Вдруг громкий лай разбудил всех. На кроватях заворочались ребята, стали приподнимать головы.

У дверей, спрятав руки назад, стояла начальница и сердито успокаивала собаку:

— Тубо! Молчать! Тубо!

Тобик замолк. Немного подавшись вперед, он стоял на кровати и зорко следил за начальницей. Перепуганный Васька Козел, поднявшись на локте, застыл, вытаращив глаза в сторону двери. На крайней кровати, в нескольких шагах от начальницы, сидел Костя Комаров, готовый к прыжку. Он знал, чем все это пахнет. Мария Перфильевна, не отводя от Тобика глаз и все так же скрывая за спиной руки, медленно пошла к Костиной кровати.

— Какой это сахар я украла?

Костя начал передвигаться к подушке.

Это ее взбесило. Над ее головой взвился сложенный в несколько рядов круглый ремень. Костя ловко соскочил на пол и помчался по спальне кругом кроватей. Начальница за ним, а разъяренный Тобик, прыгая с кровати на кровать, по спинам, по животам, по ногам ребят, вихрем понесся к Косте на выручку.

— Не уйдешь! — задыхаясь от злости, шипела начальница. Подоспевший было Тобик провалился между кроватями. Костю подвели не по росту большие кальсоны. Как он их ни придерживал, все же запнулся и упал.

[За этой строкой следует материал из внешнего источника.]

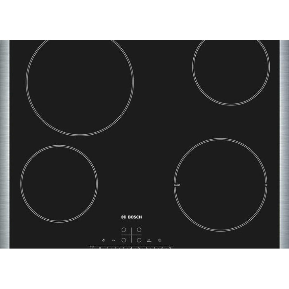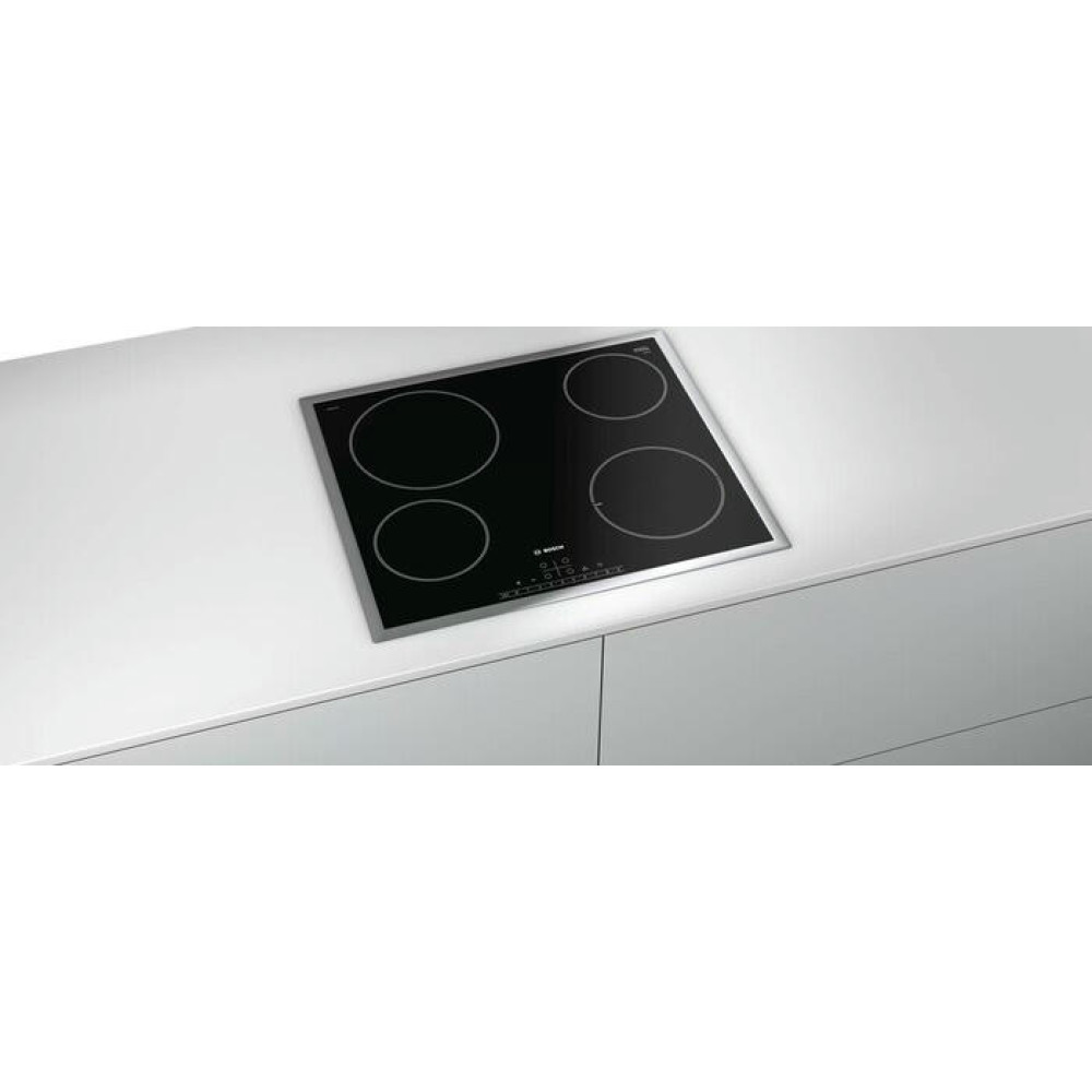 Варочная панель Bosch PKE645FP1E выполнена в черном цвете. Ее стандартные размеры (56x49-50) и квадратная форма подойдут как для маленьких, так и для просторных кухонь. Присутствуют 4 конфорки разных диаметров и мощностей. Поверхность выполнена из стеклокерамики, устойчива к высоким температурам и механическим повреждениям, а также легко очищается от загрязнений. Рамка сделана из нержавеющей стали.
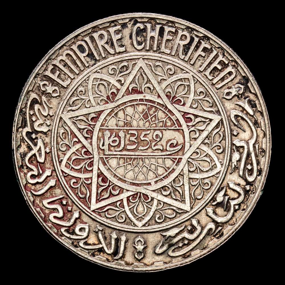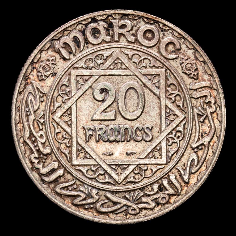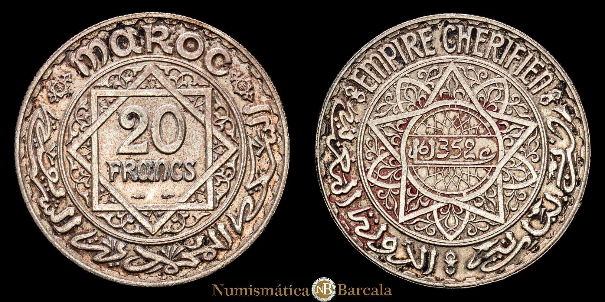 MARRUECOS. 20 francos. 1933, hegira 1352. París. Mohamed V. Km39. Plata 680, 20,03 g. VF/XF+.
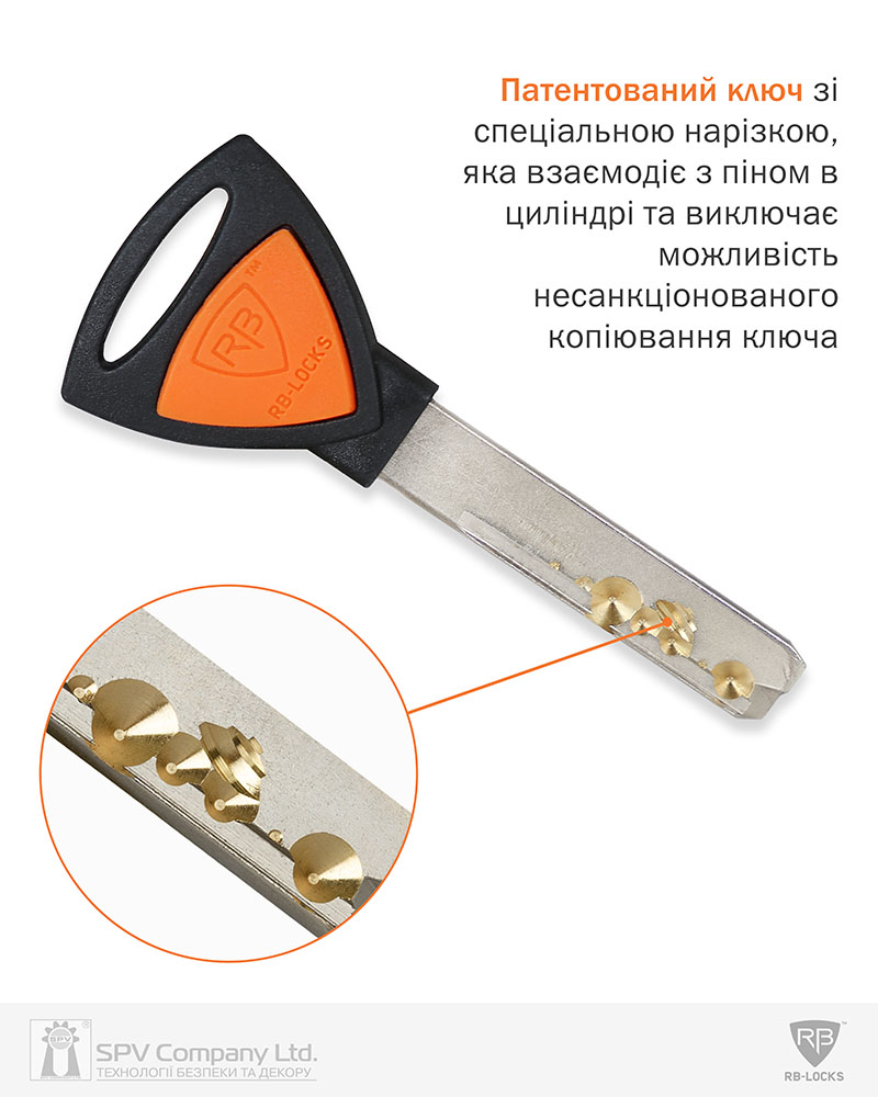 •    Тип механізму: піновий циліндр класу High Security зі спеціальним патентованим піном, розробленим для системи RB LOCKS D7R.
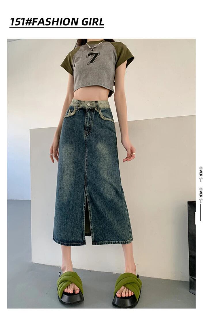 送料無料 原宿ミディスカートスプリット k Y2k だぶだぶヴィンテージデニムロングスカート女性ストリート夏 かわいい サマー 夏物 ビンテージ AE008878777263407800
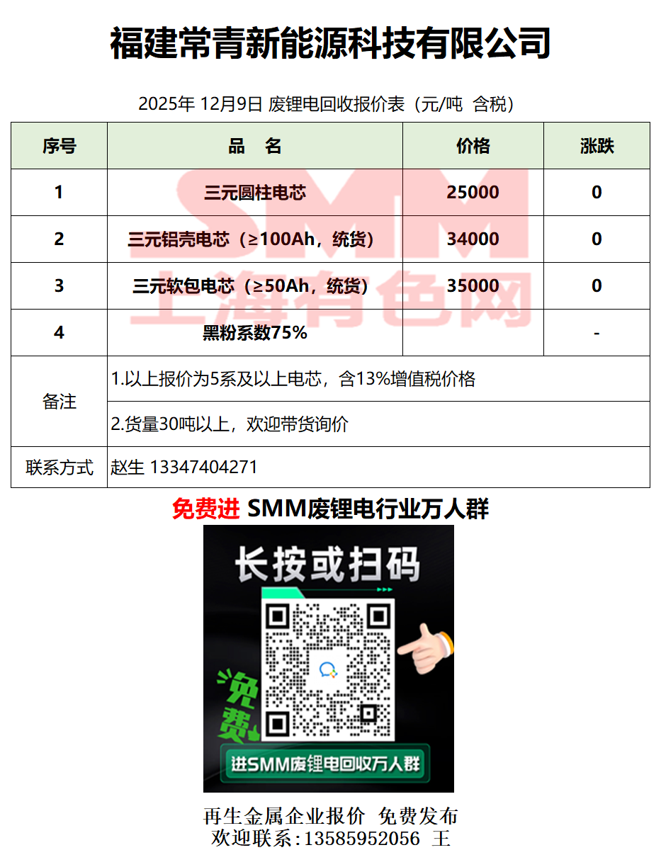今日福建常青 废锂电采购报价已更新,有货的朋友欢迎联系我们!
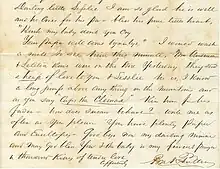 Darling little Lesslie [as called in childhood; as spelled by father] I am so glad he is well and cries for his pa. Bless his pure little heart. 'Hush my baby don't you cry Your papa will come by ner bye.' I would walk a mile to see him this minute. Mrs Anderson + Letitia Rowe were in the store yesterday. They send a heap of love to you + Lesslie. [...] Affectionately Ben K. Pullen
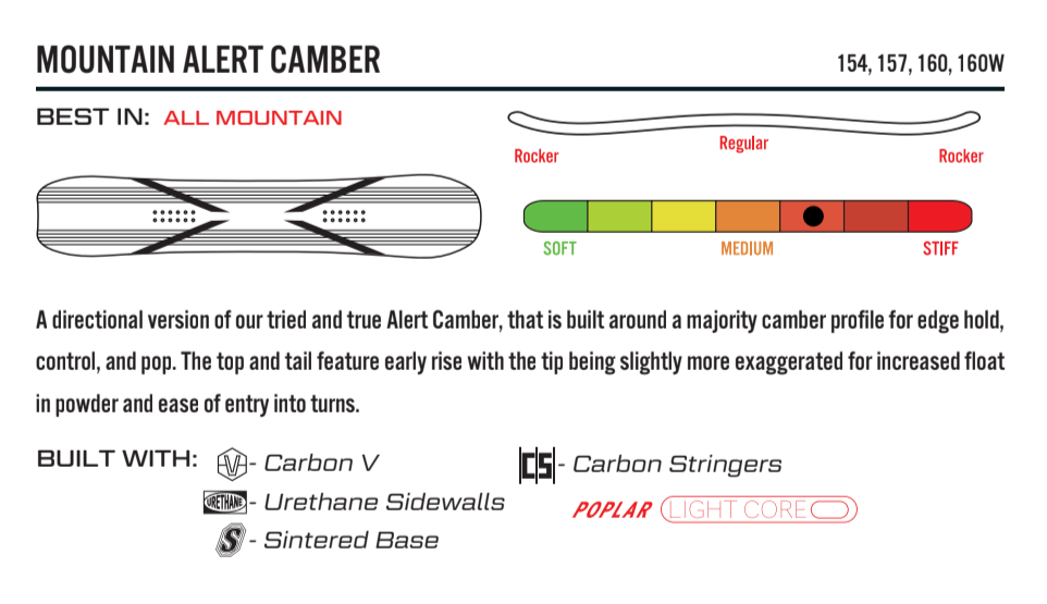 - Directional Alert Camber: This camber profile is designed for freeriding, providing excellent edge hold, control, and pop. The tip and tail feature early rise, with a slightly exaggerated tip for enhanced float in powder and smooth entry into turns.
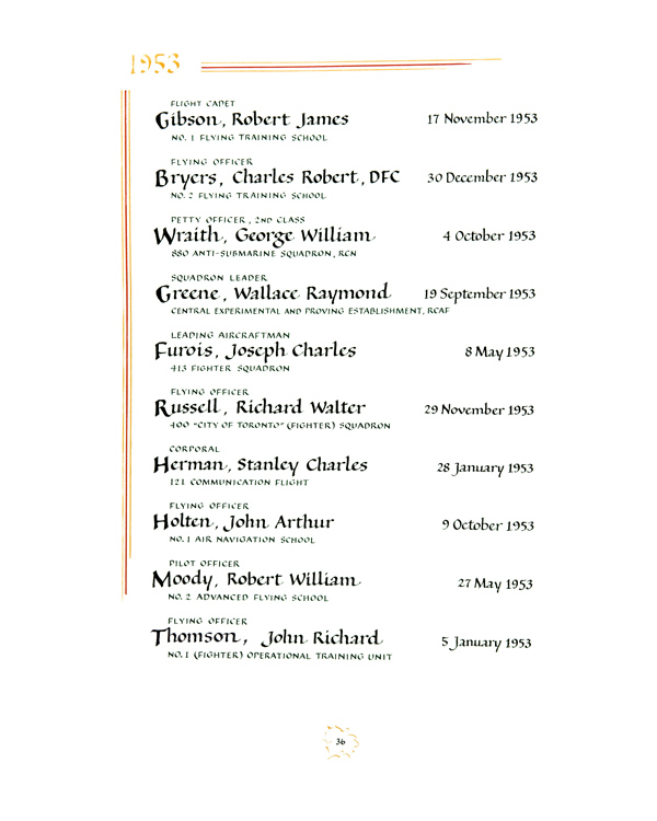 | 80002612 | Thomson | John Richard | January 5, 1953 | Flying Officer | No. 1 (Fighter) Operational Training Unit |
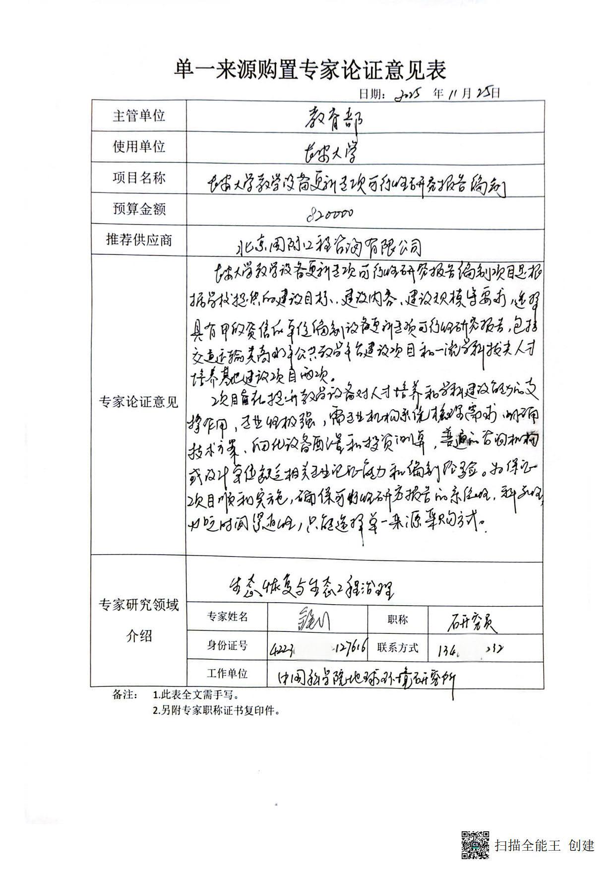 长安大学教学设备更新专项可行性研究报告编制采购项目,拟采取单一来源方式采购。

— Не твой ли я сахар украла?

Костя судорожно подтянул под себя ноги и резко вскрикнул от ожога токарного ремня. Тут подоспел Тобик. Доведенный до бешенства своей неудачей, он бросился между Костей и начальницей.

Мария Перфильевна сама никогда бы пальцем не тронула Тобика, тем более теперь. Но было поздно, ремень захлестнул туловище собаки. Тобик взвыл, отскочил в сторону и снова, точно леопард, бросился на грудь начальницы.

«Сейчас перегрызет горло», — с ужасом подумал я, ожидая страшного крика.

Бледная, как смерть, стояла Мария Перфильевна. Не только говорить, даже дышать она не могла, чувствуя у своего горла огромную, страшную пасть разъяренной собаки. Потом она вздернула руки вверх, качнулась назад, и, на ее счастье, ремень сам вывалился у нее из рук. Взбешенный Тобик с пеной в уголках пасти кинулся к ремню. Начальница, забыв про Костю, про ремень, пулей вылетела из спальни.

В ту ночь Тобик спал неспокойно. Ремня он никому не отдал, притащил его на свое место, грыз и рычал. А Васька Козел, съежившись в комок, боялся шевельнуться.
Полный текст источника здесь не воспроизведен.